Where does the string "design" occur in the entries below? Copy every line where it does.

START Given information

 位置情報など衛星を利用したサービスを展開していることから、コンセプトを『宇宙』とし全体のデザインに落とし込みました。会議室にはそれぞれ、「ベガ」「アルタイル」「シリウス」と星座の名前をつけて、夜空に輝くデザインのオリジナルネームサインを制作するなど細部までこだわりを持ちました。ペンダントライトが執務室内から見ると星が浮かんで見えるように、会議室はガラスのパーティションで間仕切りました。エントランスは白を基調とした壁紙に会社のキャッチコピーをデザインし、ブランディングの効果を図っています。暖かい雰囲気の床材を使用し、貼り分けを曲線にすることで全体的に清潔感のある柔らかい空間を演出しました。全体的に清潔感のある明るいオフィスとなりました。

END Given information
START Given information

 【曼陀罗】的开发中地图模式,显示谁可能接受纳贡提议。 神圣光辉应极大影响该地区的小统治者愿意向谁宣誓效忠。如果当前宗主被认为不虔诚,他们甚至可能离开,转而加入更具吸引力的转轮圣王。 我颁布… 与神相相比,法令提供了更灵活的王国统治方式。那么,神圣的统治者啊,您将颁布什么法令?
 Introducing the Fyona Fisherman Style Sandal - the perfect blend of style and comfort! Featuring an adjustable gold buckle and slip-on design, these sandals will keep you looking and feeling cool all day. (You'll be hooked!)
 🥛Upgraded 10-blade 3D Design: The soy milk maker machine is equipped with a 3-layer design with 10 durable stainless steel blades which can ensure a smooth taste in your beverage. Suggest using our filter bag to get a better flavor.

END Given information

# Exercise output:
 Introducing the Fyona Fisherman Style Sandal - the perfect blend of style and comfort! Featuring an adjustable gold buckle and slip-on design, these sandals will keep you looking and feeling cool all day. (You'll be hooked!)
 🥛Upgraded 10-blade 3D Design: The soy milk maker machine is equipped with a 3-layer design with 10 durable stainless steel blades which can ensure a smooth taste in your beverage. Suggest using our filter bag to get a better flavor.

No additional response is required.